How to Use Machine Learning in Mobile Apps
How Does Machine Learning Work?
Machine learning is based on the implementation of artificial neural networks, which are actively used both in applications for everyday life (for example, those that recognize human speech) and in scientific software. These allow for conducting diagnostic tests or exploring various biological and synthetic materials. In turn, artificial neural networks are equivalent to real neurons and CNS of a human being. It can be a bit difficult to understand, so let’s find out how the human brain processes memorization and recognition.
Unlike machines (even those possessing enormous memory resources), the human brain is far more powerful. We are able to easily identify human faces, even in low light conditions and in the presence of several extraneous objects.
And what about computers? They do a lesser job at solving similar tasks today. Our brain is different and much more reliable: it does not stop its work while ill, as happens with computers that are damaged at some vital point (hard disk or CPU, for example). Moreover, we don’t need any special firmware, software, or OS to assimilate new information.
With computers, things are much more complicated, which is why scientists are still in active search for algorithms that replicate the work of the central nervous system. There is, however, nothing complicated at all. In order to transmit information to the brain, neural networks generate electrical impulses transmitting the simplest signals from one neuron to another.
On the basis of this concept, the first artificial neuron was created in 1943. It would seem that the mystery of the human brain was solved, but that was not the case. A few decades later, scientists proved that only a small group of linearly separable problems can be solved on the basis of human memory mechanism imitation and analysis. That is, those tasks whose expected result can be systematized and predetermined, in advance.
In order to implement this process, the researchers had to constantly replenish the memory of the learning machine with new examples that would clearly illustrate the solution of the same tasks. This approach works in most cases, but not all the tasks are linearly separable. So, now we’ll talk about what kinds of machine learning are used to solve specific types of problems.
Types of Machine Learning
The controlled or supervised variety of machine learning is based on the analysis of a large number of examples, and is used in the vast majority of modern public platforms for AI-based app development.
In order to implement the learning process, a certain set of examples, which are subsequently analyzed, is loaded into the machine. For this purpose, various accompanying information is included: geolocation data, dates, and specific characteristics of the object analysis itself. Then, a number of templates are generated on their basis. The algorithm finds the best template that corresponds to most of the related information. In turn, the machine gets the actual information (for example, that there is a cat on the photo) or even predictive information (such as forecasting the dollar’s future rate).

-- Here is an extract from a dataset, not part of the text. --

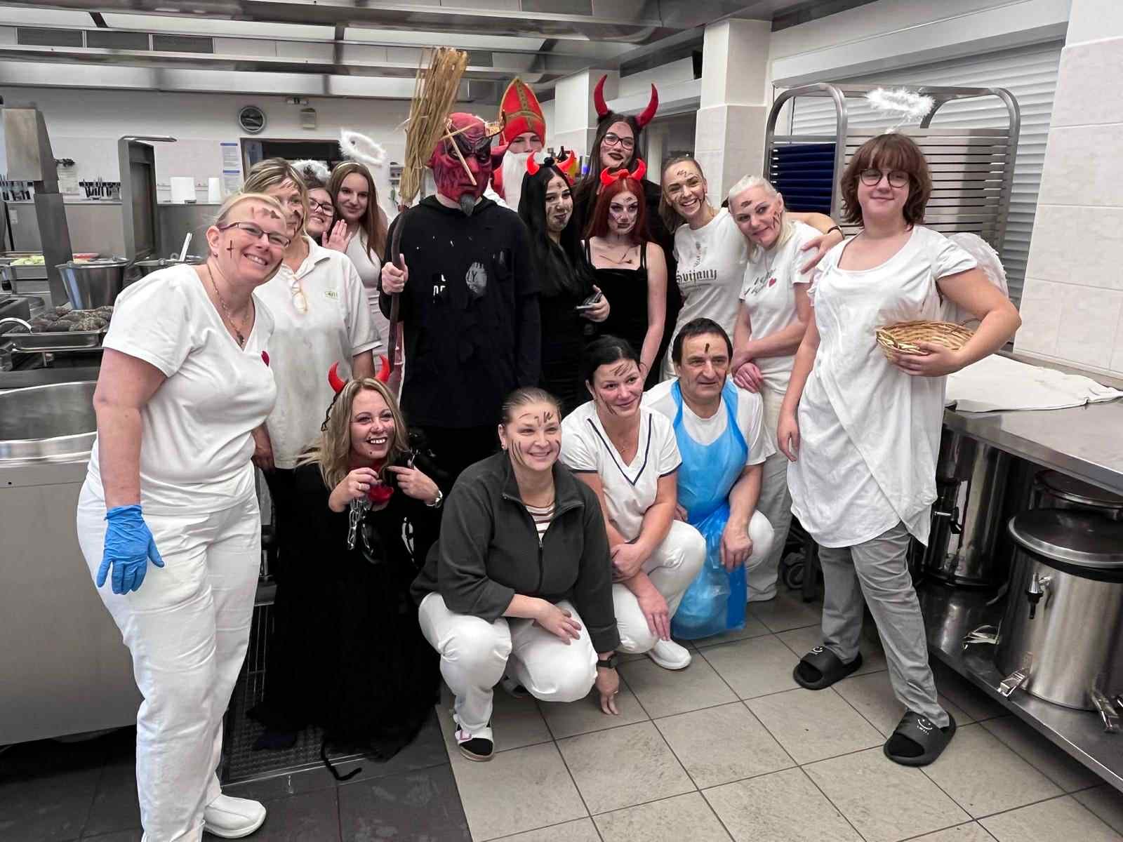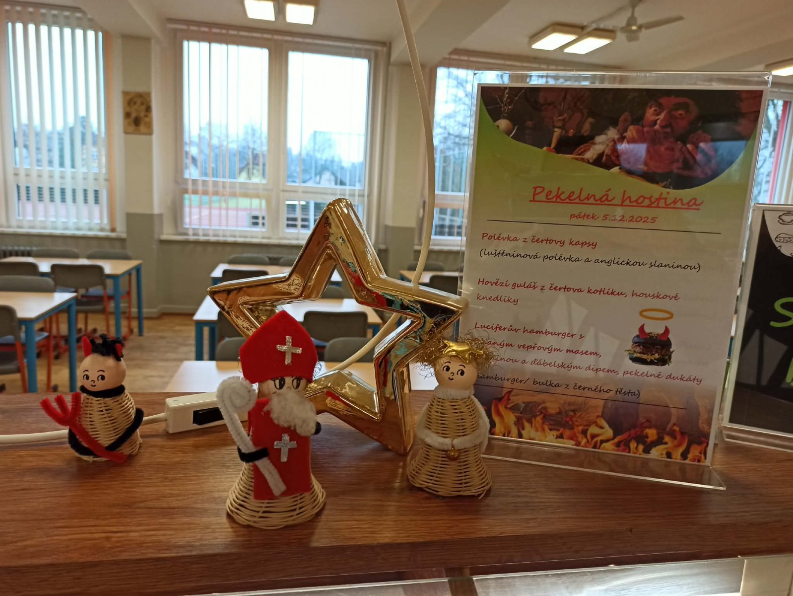 Dnes se ve školní jídelně pořádala PEKELNÁ HOSTINA. Servírovala se polévka z čertovy kapsy a Luciferův hamburger. Paní kuchařky pak pro žáky celé školy a její zaměstnance připravily Mikulášské balíčky. Děkujeme!

In a supervised machine learning environment, there are three standard algorithms:
•classification (when the expected result is an object);
• regression (used to predict prices and other numerical data); and,
• anomaly detection (often used in commercial areas, for example in e-commerce or in finance industries. It is also used in data mining to detect hacker software intervention).
Thus, this algorithm is suitable for eCommerce machine learning applications.
With uncontrolled or unsupervised learning, the machine either does not receive any specific input data or it fails to detect a certain pattern in the user’s request, independently. The simplest example of an application that processes such requests is with mobile-based booking services that find restaurants with a truly delicious cuisine near the owner of the device. What happens with artificial intelligence? During training, it does not receive any information from outside, namely on which samples are correct and which ones are not. Its activity is based solely on the experience of working with a particular user.
Training with reinforcement includes abstracting from the knowledge provided by the teacher and through one’s own experience. For example, you can create an auto-management machine that analyzes user reviews (or records whether or not they leave tips, for example) and improves the quality of service. A similar algorithm is used in robotics and for IoT apps. Today, learning algorithms with reinforcement are the most difficult to implement and, therefore, rarely used in software platforms to create AI-based applications.